Department of Orthopedic Surgery and Trauma, Suez Canal University Hospital, Kilo 4.5 Ring Road, Ismailia, 41111, Egypt.
Department of Orthopedic Surgery, Fayoum University Hospital, Fayoum, Egypt.
Int Orthop. 2024 May;48(5):1209-1215. doi: 10.1007/s00264-024-06119-2. Epub 2024 Feb 22.
The purpose of this study is to compare the difference of results between two methods of femoral box osteotomy adopted by two designs of posterior stabilized total knee prostheses.
Retrospective analysis of the results of two groups of patients operated upon using two primary PS TKA systems, PFC Sigma (DePuy Synthes, Johnson and Johnson®) and Genesis II prosthesis (Smith and Nephew®), with an average of five year follow-up was done. Group 1 included 152 knees in 121 patients and group 2 included 122 knees in 111 patients. The average follow-up period in both groups was five years. The box osteotomy method depends on bone saw in group 1, and bone reamer in group 2.
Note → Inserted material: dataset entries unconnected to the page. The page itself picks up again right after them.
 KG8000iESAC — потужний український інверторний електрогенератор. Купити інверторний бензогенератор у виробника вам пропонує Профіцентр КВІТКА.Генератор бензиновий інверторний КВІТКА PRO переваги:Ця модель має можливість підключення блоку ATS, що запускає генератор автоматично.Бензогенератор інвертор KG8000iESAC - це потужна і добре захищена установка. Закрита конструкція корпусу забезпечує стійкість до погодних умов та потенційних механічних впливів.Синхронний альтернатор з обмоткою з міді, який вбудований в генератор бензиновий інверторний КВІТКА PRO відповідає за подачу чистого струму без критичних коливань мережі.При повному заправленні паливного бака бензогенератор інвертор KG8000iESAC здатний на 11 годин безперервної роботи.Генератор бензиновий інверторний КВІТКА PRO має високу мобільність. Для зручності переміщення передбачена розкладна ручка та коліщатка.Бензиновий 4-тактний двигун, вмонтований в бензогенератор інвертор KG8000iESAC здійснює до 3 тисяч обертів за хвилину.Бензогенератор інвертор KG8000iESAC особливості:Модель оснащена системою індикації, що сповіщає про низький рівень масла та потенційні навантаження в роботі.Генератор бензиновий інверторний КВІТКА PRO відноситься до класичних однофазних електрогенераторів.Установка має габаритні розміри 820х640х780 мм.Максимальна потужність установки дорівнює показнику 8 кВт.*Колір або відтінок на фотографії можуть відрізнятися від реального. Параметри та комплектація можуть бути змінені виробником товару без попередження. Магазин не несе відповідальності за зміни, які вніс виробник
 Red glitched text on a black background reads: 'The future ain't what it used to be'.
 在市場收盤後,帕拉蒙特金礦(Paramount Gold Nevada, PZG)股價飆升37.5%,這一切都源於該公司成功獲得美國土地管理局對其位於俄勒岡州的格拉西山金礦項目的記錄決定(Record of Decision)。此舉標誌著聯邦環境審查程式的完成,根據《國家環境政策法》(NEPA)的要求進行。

The KSS score of group 2 was better in the first six months postoperatively. Then, no significant differences were seen in the remaining follow-up visits. The risk of periprosthetic fractures was significantly higher in group 1 (p-value 0.040). Survival analysis showed a significantly shorter time for reoperation in group 1 than in group 2 as described by log-rank test, (p < 0.006).
The method of box cutting has an impact on the function and longevity of posterior stabilized primary knee implants. The risk of periprosthetic fractures can be reduced by proper patient selection, decreasing the box sizes, and development of more "controlled" box osteotomy instruments.
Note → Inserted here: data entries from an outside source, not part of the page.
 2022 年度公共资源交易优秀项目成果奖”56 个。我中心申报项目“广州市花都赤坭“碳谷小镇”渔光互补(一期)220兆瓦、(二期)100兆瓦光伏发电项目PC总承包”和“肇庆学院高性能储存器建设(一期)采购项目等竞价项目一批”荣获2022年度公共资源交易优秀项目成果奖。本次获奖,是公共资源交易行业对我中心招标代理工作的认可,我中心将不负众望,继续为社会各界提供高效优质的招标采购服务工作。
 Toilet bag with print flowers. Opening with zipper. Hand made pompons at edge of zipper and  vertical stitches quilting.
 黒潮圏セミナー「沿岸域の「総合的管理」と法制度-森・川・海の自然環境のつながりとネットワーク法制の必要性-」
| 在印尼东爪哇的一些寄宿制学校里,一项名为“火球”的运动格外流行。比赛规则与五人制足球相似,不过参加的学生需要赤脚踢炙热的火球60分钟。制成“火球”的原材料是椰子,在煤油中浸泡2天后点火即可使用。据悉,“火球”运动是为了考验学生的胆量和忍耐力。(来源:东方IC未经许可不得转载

本研究旨在比较两种后稳定型全膝关节假体设计采用的两种股骨盒式截骨方法的结果差异。
回顾性分析了两组接受两种主要 PS TKA 系统(DePuy Synthes,Johnson and Johnson®的 PFC Sigma 和 Smith and Nephew®的 Genesis II 假体)治疗的患者的结果,平均随访时间为 5 年。第 1 组包括 121 例患者的 152 膝,第 2 组包括 111 例患者的 122 膝。两组的平均随访时间均为 5 年。第 1 组采用骨锯进行盒式截骨,第 2 组采用骨锉进行盒式截骨。
第 2 组的 KSS 评分在术后前 6 个月更好。然后,在其余随访期间未发现明显差异。第 1 组的假体周围骨折风险明显更高(p 值为 0.040)。生存分析显示,第 1 组的再次手术时间明显短于第 2 组,对数秩检验(p < 0.006)。
盒式切割方法会影响后稳定型初次膝关节假体的功能和寿命。通过适当的患者选择、减小盒式大小以及开发更“可控”的盒式截骨器械,可以降低假体周围骨折的风险。